Over 250 hours of SIGGRAPH 2020 content is available on-demand through 27 October, including Baobab’s Talk, “Baba Yaga: Designing An Interactive Folktale”.
Meet the Team
Larry Cutler (Producer) is Chief Technology Officer and co-founder of Baobab Studios. Larry brings deep technical leadership over the past 20 years in the area of animation creation and development. He currently serves on the Digital Imaging Technology Subcommittee for the Oscar Technical Achievement Awards, and was most recently the Vice President of Solutions at Metanautix, a big data analytics startup company acquired by Microsoft. Previously, Larry was Global Head of Character Technology at DreamWorks Animation, leading character development, animation workflow, rigging, and character simulation. Larry began his career at Pixar Animation Studios as a Technical Director on the films “Monster’s Inc.,” “Toy Story 2,” and “A Bug’s Life.” He holds undergraduate and master’s degrees in computer science from Stanford University.
Eric Darnell (Director) is Chief Creative Officer and co-founder of Baobab Studios. Eric’s career spans 25 years as a computer animation director, screenwriter, story artist, film director, and executive producer. He was the director and screenwriter on all four films in the “Madagascar” franchise, which together have grossed more than $2.5 billion at the box office. He was also executive producer on “The Penguins of Madagascar.” Previously, Eric directed DreamWorks Animation’s very first animated feature film “Antz,” which features the voices of Woody Allen, Gene Hackman, Christopher Walken, and Sharon Stone. Eric earned a degree in journalism from the University of Colorado and a master’s degree in experimental animation from The California Institute of the Arts.
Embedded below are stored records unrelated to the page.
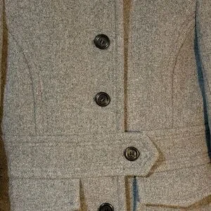 J. Crew gray wool blend peacoat with a flattering belted waist and dual front pockets. Embellished with decorative buttons on the cuffs and back. The interior lining features a vibrant striped pattern. Perfect for everyday wear or a stylish evening out.
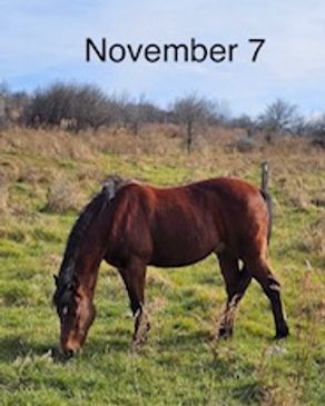 Hard to see in this photo because of the shadowing but his ribs, hip bones, tailhead, entire spinal process and top of the ribcage are total skin over bone. He is a body score of 1
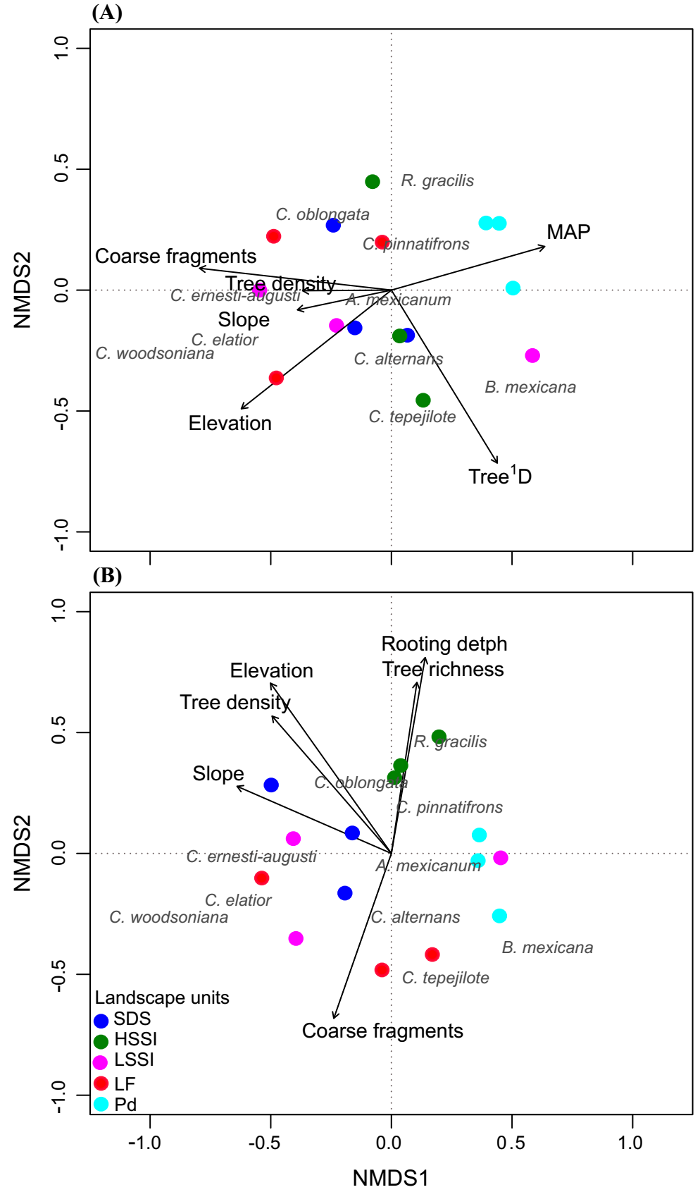 There were distinct distribution patterns in palm assemblages among the LUs. Results from the PERMANOVA showed significant effects of slope of relief (P = 0.009), elevation (P = 0.002), MAP (P = 0.04), soil coarse fragments (P = 0.002), and tree D1 (P = 0.008; Table 3) on palm species presence. These results clustered the plots with low inclination (PD) and separated them from the LUs with abrupt relief and higher elevation, as visualized by NMDS (stress value 0.15) in Figure 3A. Species that responded to this gradient are Bactris mexicana Mart., which was registered mainly in low-inclination plots, while C. ernesti-augusti and C. elatior Mart. were found mostly in plots with abrupt relief (Table S2, Supplementary material). We found that 33 % of the variation in palm species presence was explained by topography since relief elevation and slope explain 21 and 12 %, respectively (Table 3). Coarse fragments in soil and tree diversity (1D) accounted for 25 and 13 % of the variation, respectively.

Nathaniel Dirksen (VFX Supervisor) oversees the technical aspects of production on the company’s narrative VR experiences, including “Invasion!,” “Crow: The Legend,” “Bonfire,” and “Baba Yaga.” Previously, he worked in feature animation and visual effects, most recently as the character technical director supervisor for “The Penguins of Madagascar” at PDI/DreamWorks.
Justin Fischer (Rigging Lead) he has led the rigging efforts for several projects at Baobab Studios, including “Baba Yaga”, “Bonfire”, and “Crow: The Legend”. Prior to Baobab, Justin brings more than a decade of feature film animation and production experience at LAIKA Studios and Dreamworks Animation.
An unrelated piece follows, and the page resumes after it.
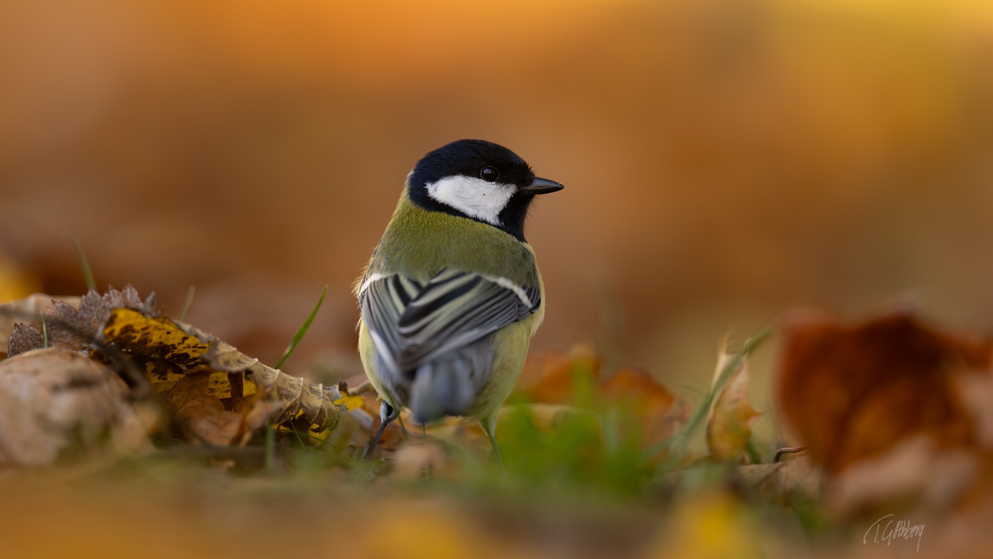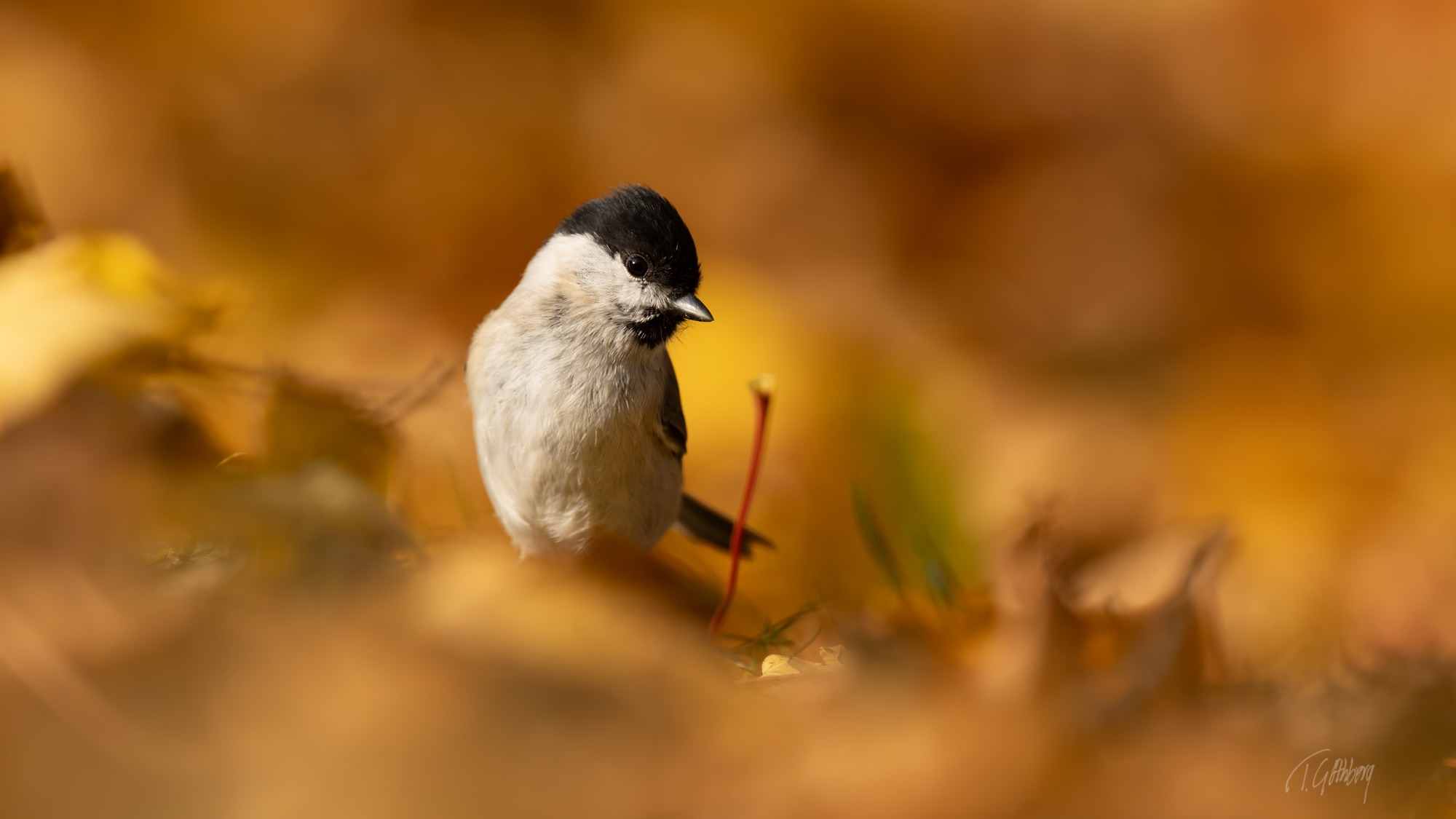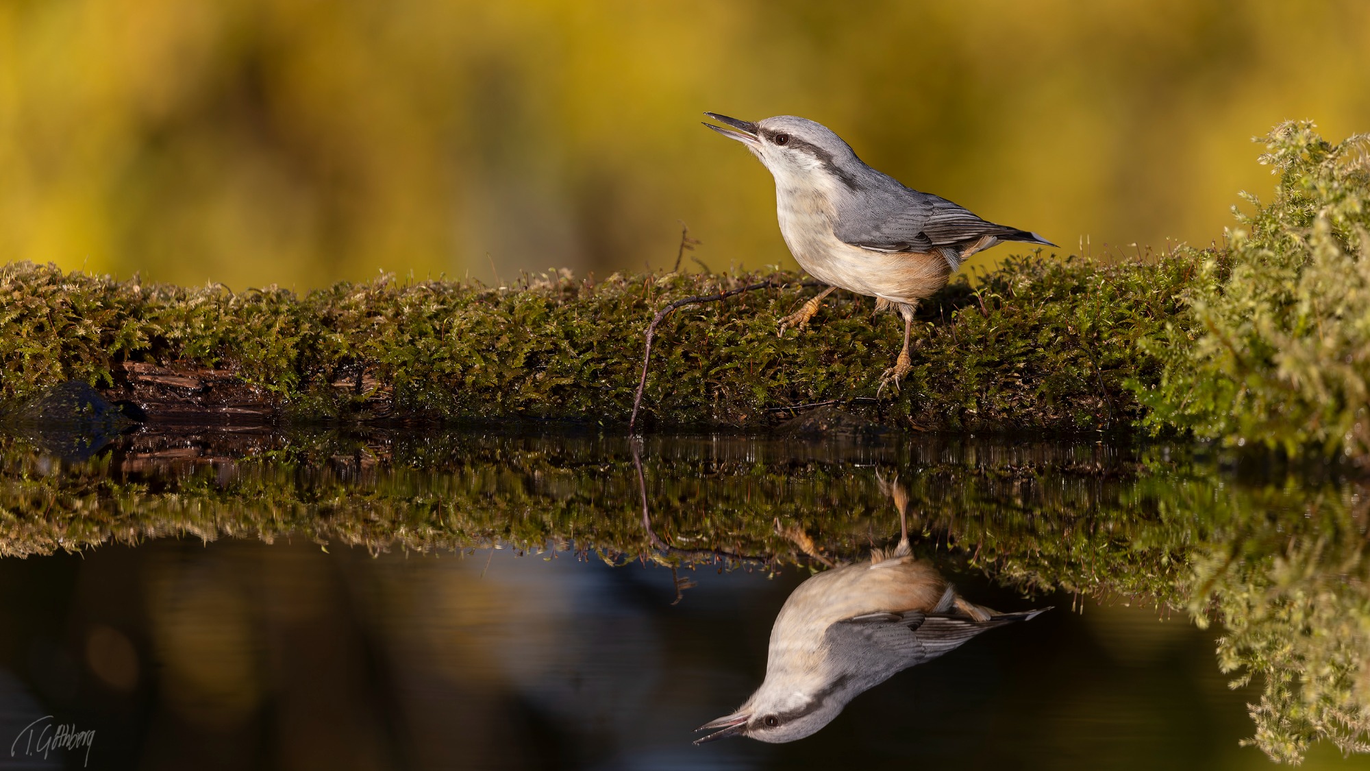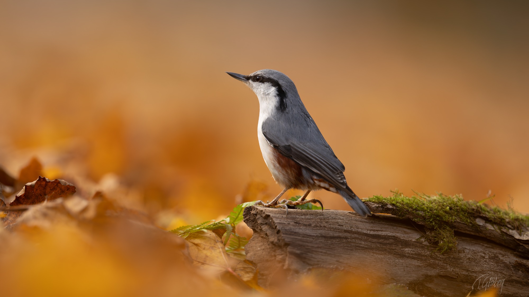 På sin utsiktspost bland höstlövens glöd spanar nötväckan – den lilla akrobaten som utan bekymmer klättrar nedför stammen med huvudet först.
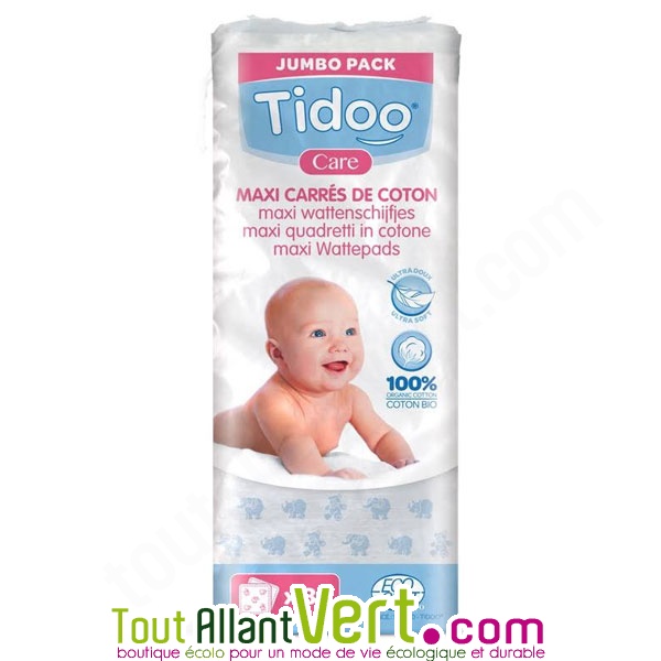 Maxi carrés ultra-doux en coton biologique pour nettoyer bébé. Format familiale, 80 lingettes. Facile à utiliser grâce à leur grande taille. Ne peluche pas et ne se dédouble pas. 11x8cm environ. Marque Tidoo.

Amy Rebecca Tucker (Lighting Supervisor/Engineer) Amy has worked as a Lighter and Engineer on Baobab’s projects “Baba Yaga”, “Bonfire”, and “Crow: The Legend”. Amy earned her Master of Visualization Sciences degree from Texas A&M University in 2002. She moved to California in 2009 to work in the lighting department at PDI/DreamWorks having already worked in television, print and Web design, as an interactive developer for museum exhibits, as an adjunct professor of Web design and development, and as a flight simulation software developer specializing in radar and infrared simulations. Her feature film credits include “Home”, “Penguins of Madagascar”, “Mr. Peabody & Sherman”, and “Rise of the Guardians” as a Production Lighter and Compositor.